Y entonces… mis labios se entreabrieron. Cuando estaba en mi habitación, un vórtice o algo parecido a un portal apareció justo delante de mí y fui tragada dentro antes de poder mover un dedo.
No, esto no era un sueño. Esta era la maldita realidad.
La ira en los ojos de Finn parecía demasiado real para ser un sueño.
—¿Cómo me has traído aquí? —pregunté, notando que mi voz estaba un poco ronca.
Había una sensación ardiente en mi garganta, como si hubiera ingerido algo demasiado amargo. ¿Me habría hecho beber algo mientras estaba inconsciente? Podría tener algo que ver con la supresión de mi loba.
—Con la ayuda de esto —dijo Finn levantando su mano, revelando una concha dorada del tamaño de un puño.

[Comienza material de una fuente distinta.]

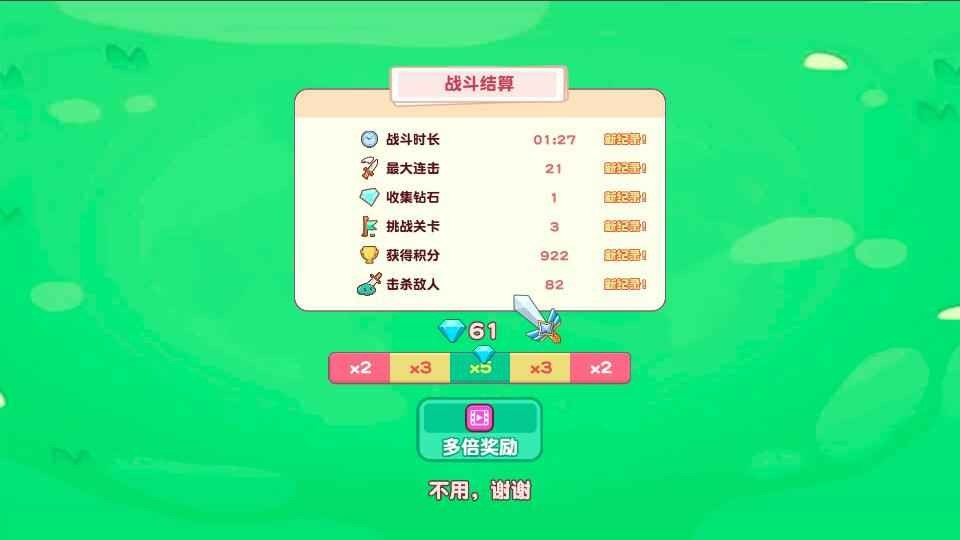 3.玩家可以通过闯关获得的金币和宝石,解锁并升级不同的武器和技能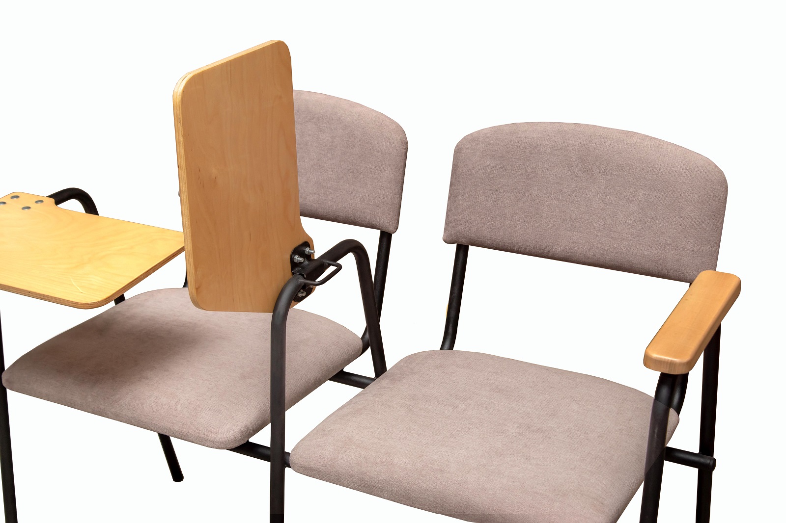 Секция стульев со столиком Сиена представляет собой удобное и функциональное решение для учебных аудиторий, конференц-залов и бизнес-центров. Каркас выполнен из прочного металла, покрытого порошковой краской. Сиденья и спинки мягкие, обиты износостойкой тканью, что гарантирует комфорт при длительном использовании. Особенностью данной модели являются деревянные подлокотники и столик-пюпитр, которые могут быть тонированы в нужный цвет в соответствии с интерьером помещения. Столик изготовлен из прочной фанеры и покрыт защитным лаком, устойчивым к влаге и механическим повреждениям. Он оснащён механизмом подъема и фиксации, позволяющим удобно разместить учебные материалы или ноутбук.

La reconocí inmediatamente. Había visto una versión ilustrada en un libro. Era una reliquia muy antigua que podía abrir un portal, aunque solo podía ser usada una vez por persona, y solo si el usuario tenía una conexión con el lugar al que querían cruzar. La conexión de Finn con la Ciudad Subterránea era yo.
Parecía que las barreras de la Ciudad Subterránea no pudieron detener el poder de la reliquia.
—Me costó mucho conseguir esta reliquia antigua. Y tuve que matar a unas diez personas para alimentarla con sangre, solo para hacerla lo suficientemente fuerte como para atravesar las barreras de la Ciudad Subterránea durante unos segundos. Por suerte, estabas sola, lo que hizo todo más fácil.
Finn me sonrió maliciosamente, inclinándose y empujando mi barbilla hacia arriba.
—Bienvenida a casa, Vivien. Estás de vuelta en mi tierra, en tu verdadera manada. A la que realmente perteneces.
Aparté la cabeza.
—No pertenezco aquí. Este no es mi hogar. Ya no.
—¿Y dónde está tu hogar? ¿En la inmunda guarida de ese hijo de puta? Se te ofreció un lugar de comodidad en mi propiedad, y sin embargo elegiste vivir en un agujero de ratas. No entiendo para qué usas tu cerebro, Vivien. ¿Qué te prometió, eh? ¿Te prometió un lugar bajo él como su puta?